Can I pretend? I probably can't even pretend.

I suddenly felt very cruel.

I can't speak, and I don't dare to ask for confirmation. I can only hide here and cry alone, because I can't let go.

In the end, I actually made a decision rationally. Rather than being rational, I was more like a fool.

I decided that I would pretend not to know about this matter, and I would take a look at Li Shu's next behavior. I couldn't go to Li Shu and ask directly. I wanted to choose to trust him.

Trust him, this child is not Li Shu's. Trust him, everything about Hu Yueyue has nothing to do with Li Shu now.

When I made this decision, my teeth were shaking. I was so scared.

Sometimes, escaping from reality is a blessing.

But Li Shu, will you let me down?

I found that people are also very powerful when they deceive themselves. If I pretend that nothing happened, I can really pretend that nothing happened. I go home with a blank face, pretending that nothing happened.

Of course, what I didn't expect was that the plum tree would be waiting for me at my door.

The moment I saw him, I was disgusted. The reason why I was disgusted was because I was a woman, and when I saw my man helping other women out of the abortion ward, I couldn't reason.

But I warned myself that this was a misunderstanding. Nothing more.

I took a gentle breath and walked towards the plum tree. When I was two meters away from him, I regretted it again. I decided to ignore him.

Seeing that I ignored him, Li Shu quickly walked up to me and said in a calm voice: "Gao Ziran, I want to talk to you?"

"What are you talking about?" I glanced at Li Shu, and when I spoke, I realized that there was deep hatred in my words.

What a cheating thing.

"What's your attitude?" Li Shu saw that my tone was not good, and his tone became arrogant. I heard him say to me: "I just want to say a few words to you, do you have to treat me like this?"

Attitude? Or, Auntie's attitude is still very clear, and you are just like her, very clear that you don't want to be with me? "

I stared at Li Shu, but I couldn't say anything at all.

How much I want to yell, but I can't, I'm afraid of the answer.

"What do you mean when you look at me like that?" Li Shu's tone became a little anxious. He took a breath and said, "It's because Auntie likes Wei Zheng, so you feel dissatisfied when you look at me now."

?”

"You fart!" I couldn't help but yell.

Li Shu was startled by my overreaction.

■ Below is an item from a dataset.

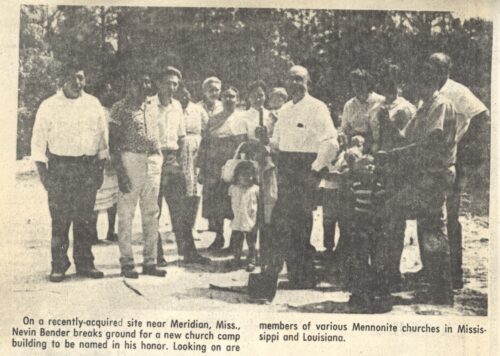 On November 20, 1965, a group of eight individuals gathered near Meridian, Mississippi to discuss developing a church camp. Those present included Nevin & Esther Bender, Glenn & Emma Myers, Titus & Ann Bender, Ann Zimmerly, and Mildred Bender. The handwritten minutes record their purpose: “to provide and promote Christian fellowship and recreation.”
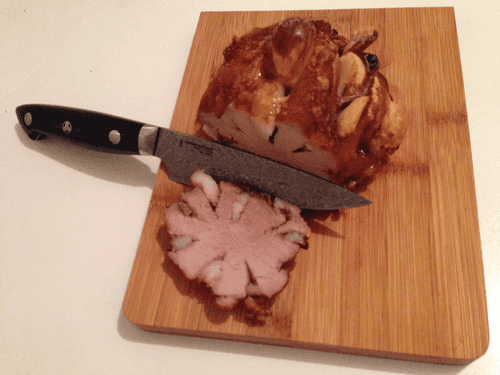Сделать в свиной лопатке надрезы в количестве 10 штук, засунуть в получившиеся кармашки чеснок.

I felt like he was hiding something, but Gao Ziran was an idiot and Gao Ziran didn't dare to ask.

Like Li Shu, he asked the question directly, and he asked it so rationally and confidently.

I didn't want to pay attention to him and walked straight towards the door of my house. After taking two steps, I heard Li Shu shouting from behind me: "Gao Ziran, give me a positive answer. Do you want to give up?"